Sometimes dating couples become so used to each other that they take the other person for granted and lose sight of the qualities in their partner that attracted them in the first place. Again, a time out prior to making any marriage plans is an excellent idea. I know of one young couple who took two years off, saw other people casually, then realized everyone they were meeting was a step or two down from what they had already experienced. When they got back together, they were a lot more serious and appreciative of one another.

Sometimes dating couples realize the hurdles they thought love would overcome are bigger than they thought. Perhaps parents are opposed, or living in separate cities while going to university is a grind, or cultural differences are turning out to be more significant than they first appeared. If both parties are thoroughly determined to gut it out, so be it. But if you feel you are no longer committed to moving forward, it is fairer and more honest to say ‘so long’ rather than coasting along until circumstances provide a stronger incentive to break up. The other person’s time has value to them, and it is a decent thing to respect that.

Reservations and Complications

I could make a long list of possible reasons couples might break up, but I’ll simply sum them up this way instead: almost anything qualifies. If you have serious reservations of any sort about going the distance, well then, don’t start. Marriage is too important and affects too much of one’s life and testimony for Christ to coast into it nonchalantly and then find it doesn’t suit you.

Dating is not a biblical concept. You find it nowhere in scripture. That doesn’t mean it’s evil, or that nobody should ever do it, but it does mean nobody can oblige you to date, and nobody can say you “have to” continue dating someone if you have decided you don’t want to. If you think breaking up will hurt your partner’s feelings, imagine the ever-increasing hurt if you eventually feel compelled to call things off days, weeks or months further down the road.

What complicates breaking up is that far too many professing Christian teens and twenty-somethings have gotten far too physical far too early in the relationship, or have made verbal (or implicit) promises they are no longer prepared to follow through on. As a result, questions of whether or not to continue together are muddled by profound guilt and a sense of ongoing obligation that unbelievers rarely experience. For this reason, I strongly believe it is better for Christian couples to stay away from all kinds of sexual and pre-sexual contact, as well as enthusiastic promise-making, until you are 100% ready to tie the knot — legally, emotionally, financially, and otherwise.

Facing the Music

If you are already well into that sort of mess, the thing to do is to face the issue square on, not run from it and allow guilt or a sense of misplaced duty to dictate what you and your partner do for the rest of your lives.
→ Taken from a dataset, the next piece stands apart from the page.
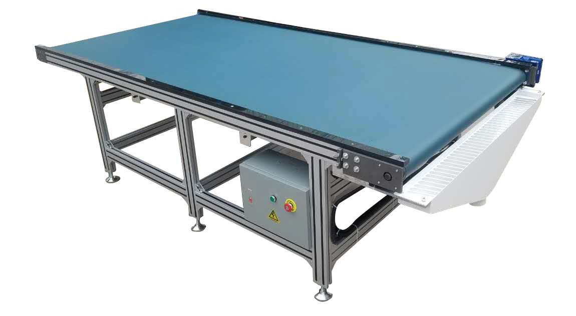 Разгрузочный стол оснащен оптическими датчиками для автоматического старта/остановки ленты с целью дальнейшей разгрузки в приемной зоне. Когда деталь, двигаясь по конвейерной ленте, пересекает световой луч, приемник получает сигнал, останавливающий конвейер, производится разгрузка, после чего конвейер возобновляет движение до следующей партии деталей.

This is the time to get some serious guidance from older Christians, either together or apart, so that you can confess what you have done together, be forgiven for it, work through how to respond biblically to any obligations you have created to one another, and do your decision-making with a clear conscience.

In short, deal with the sin first, then figure out where you really are. Settle for anything short of that, and you will definitely come to regret it.